[Items from a dataset]
::::::
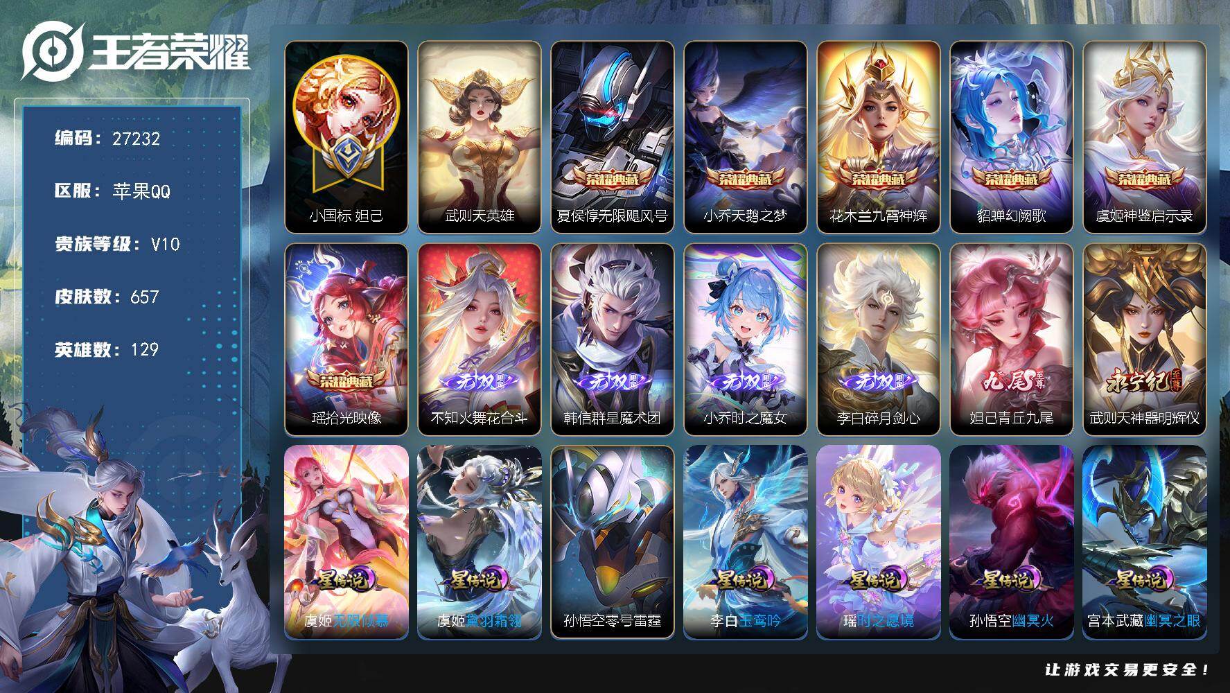 精品v10推荐·41w贵族积分·小国妲己·2金标·妲己大乔马可全皮
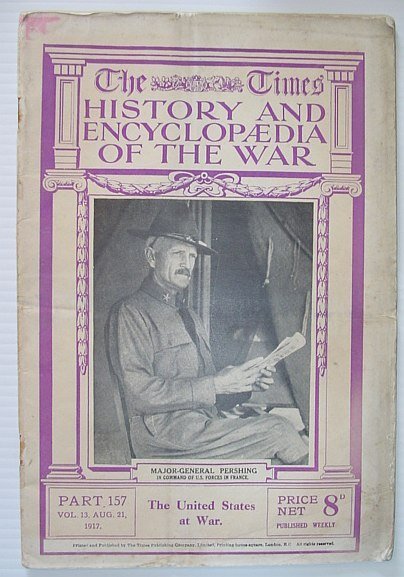 Many excellent black and white illustrations. Contents: Chapter CXCIV - The United States at War - the rupture of relations with Germany, Woodrow Wilson's Policy, Last Hopes of Peace, German Ships in American Ports, Attempts to bully Mr. Gerard, German attempts to reopen negotiations, arming of American ships, Pacifist Demonstration in Washington (with photo), more submarine crimes, text of the President's message, Military unpreparedness, German Plots, Public Opinion, The Joffre and Balfour Missions, Adoption of Conscription, The Army Draft Law, American troops for France, General Pershing, The Liberty Loan, and more. Front cover illustration of Major-General Pershing, in command of U.S. forces in France. Somewhat above-average wear. Soiling to front cover. Sound copy. Please note: readers of this part are encouraged to read Part 59 (American Opinion and the First Years of the War) and Part 140 (The End of American Neutrality). Magazine
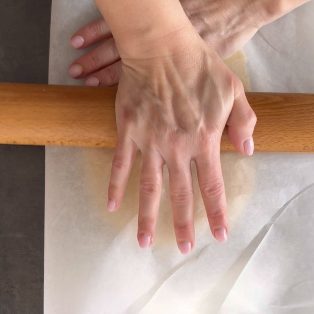 Rollen Sie den Mürbeteig zwischen zwei Backpapierblättern aus und lassen Sie ihn 30 Minuten im Kühlschrank ruhen.
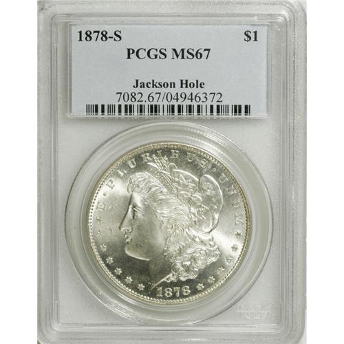 <B>1878-S S$1 MS67 PCGS.</B></I> Ex: Jackson Hole. The availability of this S-mint Morgan through the MS66 grade tier does little to reduce the outstanding beauty of the current specimen. Boldly struck and heavily frosted (as always), both the obverse and reverse are completely white and untoned, with a satiny appearance. As befits the grade, the surfaces are devoid of mentionable bagmarks. Population: 19 in 67, 1 finer (2/07).<BR><I>From The Jackson Hole Collection.</B></I><BR><BR><b>Shipping:</b> Coins & Currency (<a target="_blank" href="http://www.heritageauctions.com/common/shipping.php">view shipping information</a>)
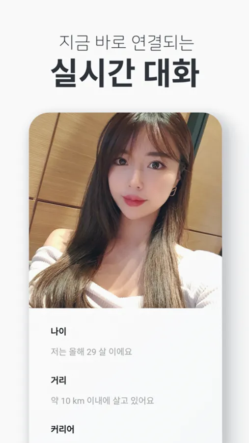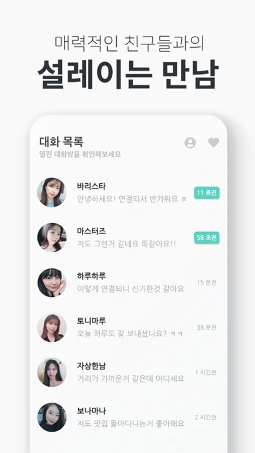 이성과의 대화도 소개팅 처럼 제공해드리고 있어요. 최근에 접속한 이성 분들을 수시로 보여드릴테니 마음에 드는 이성 분의 프로필을 확인하고 직접 대화를 걸어보세요.
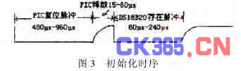 1-WIRE网络是一种具有一个总线主机和一个或若干个从机的系统。从机采用类似集电极开路的形式输出,因此要求上拉电阻。1-WARE网络的通讯协议有三种类型:初始化、读时间片和写时间片。初始化时序:主机向总线发一复位脉冲(至少480μs的低电平),然后释放总线并进入接收状态,这时总线被上拉电阻拉高,从机在检测到信号线上的上升沿之后,等待15~60μs,然后发出存在脉冲(60~240μs的低电平)(图3)。
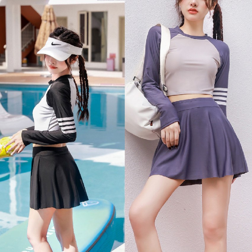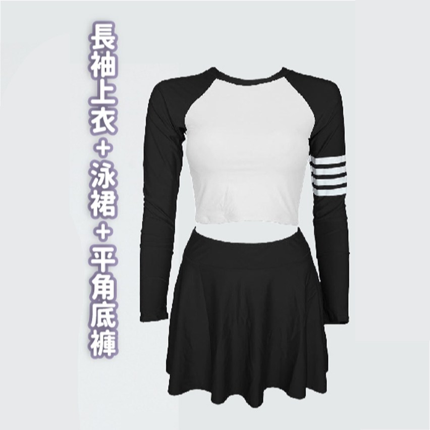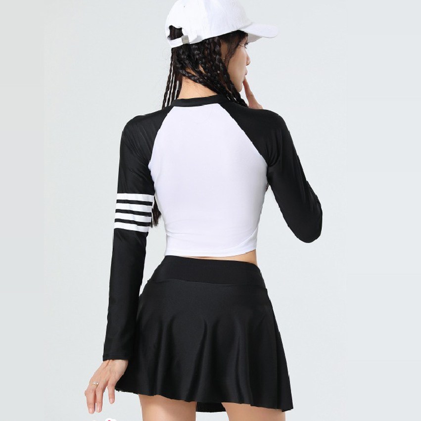 這款女生分體運動泳衣套裝,是您水上運動的時尚之選。長袖設計提供額外的防曬保護,讓您在陽光下盡情享受。黑白撞色的拼接設計,簡約時尚,更顯活力。裙褲套裝不僅方便活動,更增添了女性的優雅氣質。M碼尺寸適合多種身形,拉鍊式閉合方便穿脫。聚酯纖維材質輕盈快乾,讓您在水中也能保持舒適。
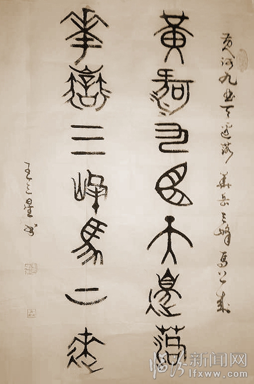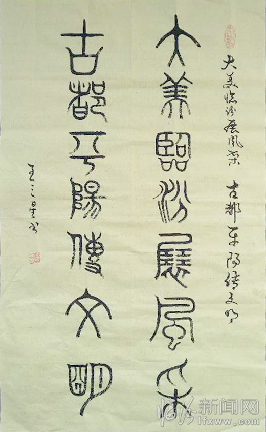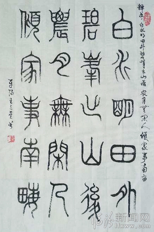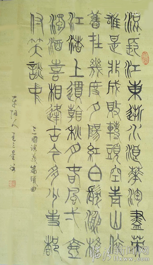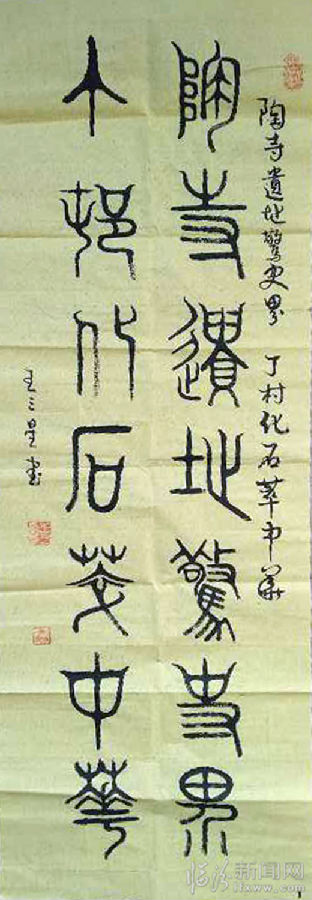 作者艺术简历:王三星,男76岁,尧都区毵淇村人,系原临汾市委宣传部副部长兼市委讲师团团长。中国老年书画会会员,山西省硬笔书协会员,临汾市老年书画会常务副主席。书法以草篆见长,多次参加省及全国书法大赛并多次获奖。作品入选全球华人书画家邀请展,中国人民解放军历史陈列馆永久收藏,与人合作举办过书法展览。著有并出版《求知与劳作》《王三星书法习作》,主编有《中国临汾》《风景这边独好》《华夏第一都——临汾》《晋商史料全览临汾卷》《临汾宣传55年》《祖国颂》等书。
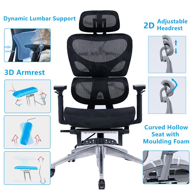 Office chair manager with footrest Thelonius mesh black
::::::
## WORK TO COMPLETE:
Every entry above, pictures excluded, needs to be duplicated exactly.

## YOUR SOLUTION:
 精品v10推荐·41w贵族积分·小国妲己·2金标·妲己大乔马可全皮
 Many excellent black and white illustrations. Contents: Chapter CXCIV - The United States at War - the rupture of relations with Germany, Woodrow Wilson's Policy, Last Hopes of Peace, German Ships in American Ports, Attempts to bully Mr. Gerard, German attempts to reopen negotiations, arming of American ships, Pacifist Demonstration in Washington (with photo), more submarine crimes, text of the President's message, Military unpreparedness, German Plots, Public Opinion, The Joffre and Balfour Missions, Adoption of Conscription, The Army Draft Law, American troops for France, General Pershing, The Liberty Loan, and more. Front cover illustration of Major-General Pershing, in command of U.S. forces in France. Somewhat above-average wear. Soiling to front cover. Sound copy. Please note: readers of this part are encouraged to read Part 59 (American Opinion and the First Years of the War) and Part 140 (The End of American Neutrality). Magazine
 Rollen Sie den Mürbeteig zwischen zwei Backpapierblättern aus und lassen Sie ihn 30 Minuten im Kühlschrank ruhen.
 <B>1878-S S$1 MS67 PCGS.</B></I> Ex: Jackson Hole. The availability of this S-mint Morgan through the MS66 grade tier does little to reduce the outstanding beauty of the current specimen. Boldly struck and heavily frosted (as always), both the obverse and reverse are completely white and untoned, with a satiny appearance. As befits the grade, the surfaces are devoid of mentionable bagmarks. Population: 19 in 67, 1 finer (2/07).<BR><I>From The Jackson Hole Collection.</B></I><BR><BR><b>Shipping:</b> Coins & Currency (<a target="_blank" href="http://www.heritageauctions.com/common/shipping.php">view shipping information</a>)
 이성과의 대화도 소개팅 처럼 제공해드리고 있어요. 최근에 접속한 이성 분들을 수시로 보여드릴테니 마음에 드는 이성 분의 프로필을 확인하고 직접 대화를 걸어보세요.
 1-WIRE网络是一种具有一个总线主机和一个或若干个从机的系统。从机采用类似集电极开路的形式输出,因此要求上拉电阻。1-WARE网络的通讯协议有三种类型:初始化、读时间片和写时间片。初始化时序:主机向总线发一复位脉冲(至少480μs的低电平),然后释放总线并进入接收状态,这时总线被上拉电阻拉高,从机在检测到信号线上的上升沿之后,等待15~60μs,然后发出存在脉冲(60~240μs的低电平)(图3)。
 這款女生分體運動泳衣套裝,是您水上運動的時尚之選。長袖設計提供額外的防曬保護,讓您在陽光下盡情享受。黑白撞色的拼接設計,簡約時尚,更顯活力。裙褲套裝不僅方便活動,更增添了女性的優雅氣質。M碼尺寸適合多種身形,拉鍊式閉合方便穿脫。聚酯纖維材質輕盈快乾,讓您在水中也能保持舒適。
 作者艺术简历:王三星,男76岁,尧都区毵淇村人,系原临汾市委宣传部副部长兼市委讲师团团长。中国老年书画会会员,山西省硬笔书协会员,临汾市老年书画会常务副主席。书法以草篆见长,多次参加省及全国书法大赛并多次获奖。作品入选全球华人书画家邀请展,中国人民解放军历史陈列馆永久收藏,与人合作举办过书法展览。著有并出版《求知与劳作》《王三星书法习作》,主编有《中国临汾》《风景这边独好》《华夏第一都——临汾》《晋商史料全览临汾卷》《临汾宣传55年》《祖国颂》等书。
 Office chair manager with footrest Thelonius mesh black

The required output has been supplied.